Why Bob Schaffer’s Iraq oil deal matters
I continue to be amazed that former Colorado Congressman Bob Schaffer, who is currently running for the U.S. Senate, fails to recognize that his actions and those of his most recent employer, Aspect Energy, undermined U.S. policy in Iraq. The facts speak for themselves.
First, in late 2006, Schaffer joined a delegation from Aspect Energy that worked to negotiate an oil exploration agreement with members of the Kurdish Regional Government (KRG), which represents the semi-autonomous and oil-rich section in the northern part of the country. He remained a part of this effort until the agreement was signed in late 2007. Schaffer’s self-described role was advising Aspect Energy about the political environment.
Second, the Bush administration’s opposition to separate oil deals with the Kurds as opposed to the central government dates from the early days of our invasion.
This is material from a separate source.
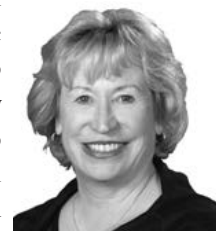
Sen. Lou Ann Linehan

LB267, introduced by Elkhorn Sen. Lou Ann Linehan, expands the influenza vaccination requirement to all nursing and skilled nursing facility employees. Facilities are not required to offer vaccines if contraindicated in an individual case or if there is a national vaccine shortage.

Third, after President Bush proposed the so-called surge in January 2007 — just two months after Schaffer made his Iraq trip — Congress, with the concurrence of the White House, laid out 18 benchmarks for measuring progress in Iraq. Passing an oil revenue-sharing law, designed to distribute Iraq’s oil wealth equitably among its various factions, was and remains one of the key benchmarks. Oil revenue-sharing has always been seen as an essential ingredient for the goals of political reconciliation and the establishment of an effective central government in Iraq. It ranks right up there with holding elections and training Iraqi security forces.
Fourth, Kurdish separatist impulses, while constrained now, have a significant potential for totally undermining U.S. policy, and revenue from Kurdish oil in Kurdish pockets is the driver for the Kurdish separatist movement, the economic basis for independence. And Kurdish independence risks war with Turkey and conflict with Iran.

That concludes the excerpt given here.